### Task item
Copy word for word the lines from the start of the records through the line that contains "Zmysłowy, płynny kształt", both included.
--- Raw data ---
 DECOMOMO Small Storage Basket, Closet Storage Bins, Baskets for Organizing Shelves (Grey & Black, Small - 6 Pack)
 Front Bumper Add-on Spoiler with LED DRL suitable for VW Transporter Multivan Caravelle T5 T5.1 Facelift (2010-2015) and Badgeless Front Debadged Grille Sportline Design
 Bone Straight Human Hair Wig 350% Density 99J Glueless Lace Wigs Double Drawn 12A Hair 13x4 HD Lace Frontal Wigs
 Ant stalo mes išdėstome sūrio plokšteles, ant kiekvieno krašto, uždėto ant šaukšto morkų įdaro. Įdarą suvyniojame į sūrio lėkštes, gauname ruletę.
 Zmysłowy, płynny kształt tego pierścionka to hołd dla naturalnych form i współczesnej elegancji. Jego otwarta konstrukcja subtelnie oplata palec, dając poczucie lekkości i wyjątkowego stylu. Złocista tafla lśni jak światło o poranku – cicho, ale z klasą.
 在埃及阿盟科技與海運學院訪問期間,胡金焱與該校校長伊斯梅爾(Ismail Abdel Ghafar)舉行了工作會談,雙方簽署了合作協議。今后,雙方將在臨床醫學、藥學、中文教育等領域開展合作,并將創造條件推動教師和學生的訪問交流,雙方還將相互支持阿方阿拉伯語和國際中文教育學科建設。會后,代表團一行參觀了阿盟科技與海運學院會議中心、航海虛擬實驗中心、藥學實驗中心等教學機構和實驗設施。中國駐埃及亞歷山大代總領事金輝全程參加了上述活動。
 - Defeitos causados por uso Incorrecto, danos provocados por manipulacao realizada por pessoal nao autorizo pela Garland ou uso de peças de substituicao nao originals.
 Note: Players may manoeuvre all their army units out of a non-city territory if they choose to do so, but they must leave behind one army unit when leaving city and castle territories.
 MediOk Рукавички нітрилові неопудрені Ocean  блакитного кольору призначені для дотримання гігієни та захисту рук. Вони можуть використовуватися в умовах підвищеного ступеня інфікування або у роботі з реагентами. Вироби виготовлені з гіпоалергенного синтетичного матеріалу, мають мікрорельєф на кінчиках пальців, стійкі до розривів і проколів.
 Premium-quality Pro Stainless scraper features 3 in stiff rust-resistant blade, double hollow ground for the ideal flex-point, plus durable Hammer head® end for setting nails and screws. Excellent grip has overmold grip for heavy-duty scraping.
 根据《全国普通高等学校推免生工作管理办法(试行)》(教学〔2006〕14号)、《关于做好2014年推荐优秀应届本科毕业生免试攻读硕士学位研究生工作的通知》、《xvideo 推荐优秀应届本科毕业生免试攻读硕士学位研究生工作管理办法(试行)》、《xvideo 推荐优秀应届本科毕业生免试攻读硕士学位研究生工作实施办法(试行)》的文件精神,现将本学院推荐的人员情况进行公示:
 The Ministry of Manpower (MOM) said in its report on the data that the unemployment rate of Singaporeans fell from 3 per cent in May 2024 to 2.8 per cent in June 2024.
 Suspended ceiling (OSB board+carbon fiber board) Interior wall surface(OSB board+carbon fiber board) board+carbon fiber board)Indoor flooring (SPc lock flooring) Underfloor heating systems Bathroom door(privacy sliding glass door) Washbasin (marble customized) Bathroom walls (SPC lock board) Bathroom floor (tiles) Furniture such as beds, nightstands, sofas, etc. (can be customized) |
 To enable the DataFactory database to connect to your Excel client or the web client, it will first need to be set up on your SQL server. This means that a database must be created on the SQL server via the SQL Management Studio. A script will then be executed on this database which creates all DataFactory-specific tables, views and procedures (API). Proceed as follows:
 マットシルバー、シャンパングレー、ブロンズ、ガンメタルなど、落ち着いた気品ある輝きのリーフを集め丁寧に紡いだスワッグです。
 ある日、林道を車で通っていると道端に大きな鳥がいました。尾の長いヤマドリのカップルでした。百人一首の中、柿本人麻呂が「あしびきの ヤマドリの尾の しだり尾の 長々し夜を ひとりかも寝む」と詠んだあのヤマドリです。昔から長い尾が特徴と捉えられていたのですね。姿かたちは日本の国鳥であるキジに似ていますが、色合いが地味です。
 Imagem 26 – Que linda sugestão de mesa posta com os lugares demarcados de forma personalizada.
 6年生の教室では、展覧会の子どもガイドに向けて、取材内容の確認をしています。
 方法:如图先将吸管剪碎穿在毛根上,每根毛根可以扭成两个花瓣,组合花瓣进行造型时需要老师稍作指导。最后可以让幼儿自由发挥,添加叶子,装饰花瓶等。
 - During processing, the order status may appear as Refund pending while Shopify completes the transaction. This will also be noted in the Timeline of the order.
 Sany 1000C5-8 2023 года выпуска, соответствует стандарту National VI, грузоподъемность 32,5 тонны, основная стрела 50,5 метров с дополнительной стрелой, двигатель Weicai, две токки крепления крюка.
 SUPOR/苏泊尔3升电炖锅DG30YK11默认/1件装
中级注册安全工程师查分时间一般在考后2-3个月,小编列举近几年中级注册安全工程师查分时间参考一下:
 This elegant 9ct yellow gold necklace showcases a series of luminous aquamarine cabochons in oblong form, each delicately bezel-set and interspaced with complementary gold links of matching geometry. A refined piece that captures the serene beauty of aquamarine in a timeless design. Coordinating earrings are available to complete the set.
---
### Response
 DECOMOMO Small Storage Basket, Closet Storage Bins, Baskets for Organizing Shelves (Grey & Black, Small - 6 Pack)
 Front Bumper Add-on Spoiler with LED DRL suitable for VW Transporter Multivan Caravelle T5 T5.1 Facelift (2010-2015) and Badgeless Front Debadged Grille Sportline Design
 Bone Straight Human Hair Wig 350% Density 99J Glueless Lace Wigs Double Drawn 12A Hair 13x4 HD Lace Frontal Wigs
 Ant stalo mes išdėstome sūrio plokšteles, ant kiekvieno krašto, uždėto ant šaukšto morkų įdaro. Įdarą suvyniojame į sūrio lėkštes, gauname ruletę.
 Zmysłowy, płynny kształt tego pierścionka to hołd dla naturalnych form i współczesnej elegancji. Jego otwarta konstrukcja subtelnie oplata palec, dając poczucie lekkości i wyjątkowego stylu. Złocista tafla lśni jak światło o poranku – cicho, ale z klasą.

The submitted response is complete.